The environment (exposure to microbes, certain chemicals, UV rays, smoking, stress, etc.) also plays a major role.

The search for an autoimmune disease must always be done in an evocative context. Examinations include:

• exploration to diagnose affected organs (clinical, biological, organ biopsy);
• a blood test to search for inflammation (non-specific) but which can point to the severity of the attacks and to explore the immunological assessment with a search for autoantibodies;
• systematic search for possible complications (kidney, lungs, heart and nervous system).

Each autoimmune disease responds to specific treatment.

Treatments make it possible to control the symptoms of the disease: analgesics against pain, anti-inflammatory drugs against functional discomfort in the joints, replacement drugs making it possible to normalize endocrine disorders (insulin for diabetes, thyroxine in hyothyroidism).

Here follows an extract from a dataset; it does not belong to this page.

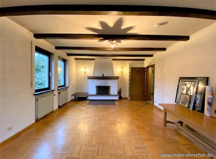 - Wohnzimmer mit Kamin und Zugang zur Terrasse
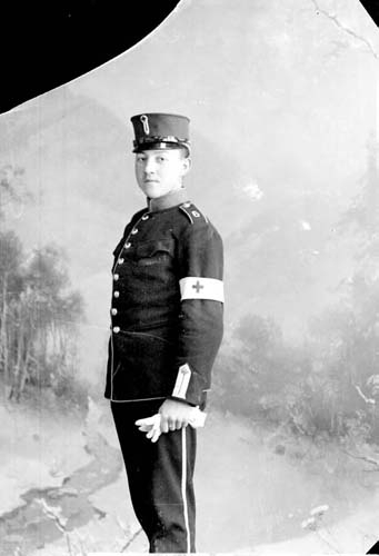 En man i militär uniform stående i 3/4-profil. En vit band med kors på vänster arm.

Drugs that control or inhibit autoimmunity also offer a way to limit symptoms and the progression of tissue damage. They usually have to be taken chronically because they cannot cure the disease. In addition, they are not specific to autoimmunity effector cells and interfere with certain general functions of the immune system.

Historically, immunosuppressive drugs (corticosteroids, cyclophosphamide, methotrexate, ciclosporin) have been used because they interact with central effectors of the immune system and make it possible to limit its activity overall. They are often associated with an increased risk of infection and therefore require regular monitoring.

For twenty years, biotherapies have been developed: they offer better control of symptoms. These are molecules that specifically target one of the key players involved in the process concerned. These treatments are used when the disease is severe or does not respond or sufficiently to immunosuppressants.

In the case of very specific pathologies such as Guillain Barre syndrome, plasmapheresis allows the elimination of autoantibodies by filtration of the blood which is then reinjected into the patient.